As you can see, the calculated distances are still very accurate (the model is correct, just more general than necessary). However, the variance of the evolutionary distances estimates will be slightly higher in this case.

Demonstrating the “Felsenstein Zone”

Now we will run a more complicated simulation that demonstrates the problem of long-branch attraction. I’ll keep it simple here, but you can modify the example if you like to see what the effect of other kinds of model misspecification might be, etc.

Here is the file (sim-4taxa.nex)


[ This example demonstrates the dreaded Felsenstein zone. ]

begin paup;
	cd *;
	set storebrlens nostatus autoclose=yes warntree=no notifybeep=no;

begin taxa;
	dimensions ntax=4;
	taxlabels A B C D;

begin trees;
	tree 1 = [&R] ((A:1.0,B:0.1):0.1,(C:0.1,D:1.0):0.1);

begin dnasim;
	simdata nchar=(10 100 1000 10000);
	lset model=jc nst=1 basefreq=eq;
	sitemodels jc:1;
	truetree source=memory treenum=1 showtruetree=brlens;
	beginsim nreps=100 seed=0 monitor=y resultsfile=(name=sim4.results replace output=means);
			set criterion=parsimony;
			tally parsimony;
		[likelihood under JC]
			set criterion=likelihood;
			lset basefreq=equal nst=1;
			tally 'ML-JC';
		[NJ using P distances ]
			set criterion=distance;
			dset distance=p;
			tally 'NJ-P';
		[NJ using JC distances]
			set criterion=distance;
			dset distance=jc;
			tally 'NJ-JC';
	set monitor=y;

The tree is a four taxon tree with two long branches and three short branches. The “nchar” option on the simdata command specifies the number of sites simulated in each replicate (we’ll simulate four different sequence lengths). The substitution model is Jukes-Cantor. For each simulated sequence length we’ll analyze the results using 4 methods: parsimony, likelihood (assuming the correct model), neighbor joining (using uncorrected P distances), and neighbor joining using Jukes-Cantor distances. We’ll do all of this 100 times.
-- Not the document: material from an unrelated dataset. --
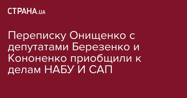 Национальное антикоррупционное бюро (НАБУ) и Специализированная антикоррупционная прокуратура (САП) приобщили переписку депутата Верховной Рады Александра Онищенко (внефракционный) с депутатами Сергеем Березенко и Игорем Кононенко (оба - фракция "Блок Петра Порошенко") к основному делу о пленках.

After the simulation completes, the sim4.results file will contain the output of the “tally” commands which keep track of how often the correct tree was obtained. The results of one run of this simulation are shown in the figure below.

Simulating data for model comparison

In our last exercise, we will simulate a data set under the Tamura-Nei model with gamma-distributed rates across sites, and evaluate the performance of various model selection criteria.
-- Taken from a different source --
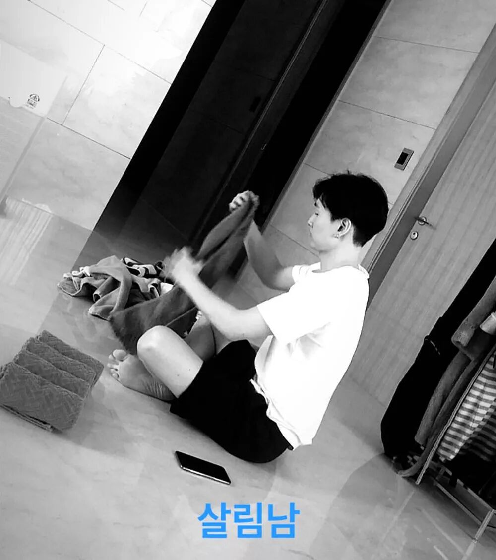 3月7日,李东海通过ins story分享了一则动态显示李赫宰坐在地上认真整理衣物的照片,并配文“居家男”。在Super Junior-D&E双人访谈中,李东海也夸赞了李赫宰在家洗衣服的时候很有魅力。看来盒盒做家务的时候确实魅力值爆表呢,想象无论是李赫宰在自己家叠衣服东海在旁边拍照还是李赫宰去东海家做客顺便帮忙收拾衣服都是非常温馨的场景。老少年的友谊真是太棒了,点赞!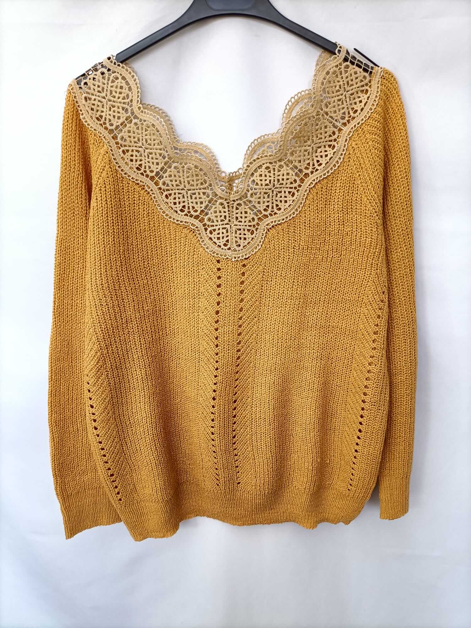 Otras. M/L. Jersey de punto mostaza con detalle de encaje en el cuello. Elastico. Largo 66 cm

First, execute a file which we’ll use to simulate one data matrix (sim-6taxa.nex).

execute sim-6taxa.nex;

Now get a starting tree and run an automated model selection:

dset distance=logdet;

After we discuss the results, let’s also do a likelihood ratio test (LRT). We will compare three models: the Jukes-Cantor model, the true model (TrN+G), and the most complex nucleotide model available in PAUP* (GTR+I+G). I will show you how to set up and run these models. We’ll then do LRTs manually and compare our results (everyone will have simulated a different data set). You can use the calculator here to calculate P-values for the LRT.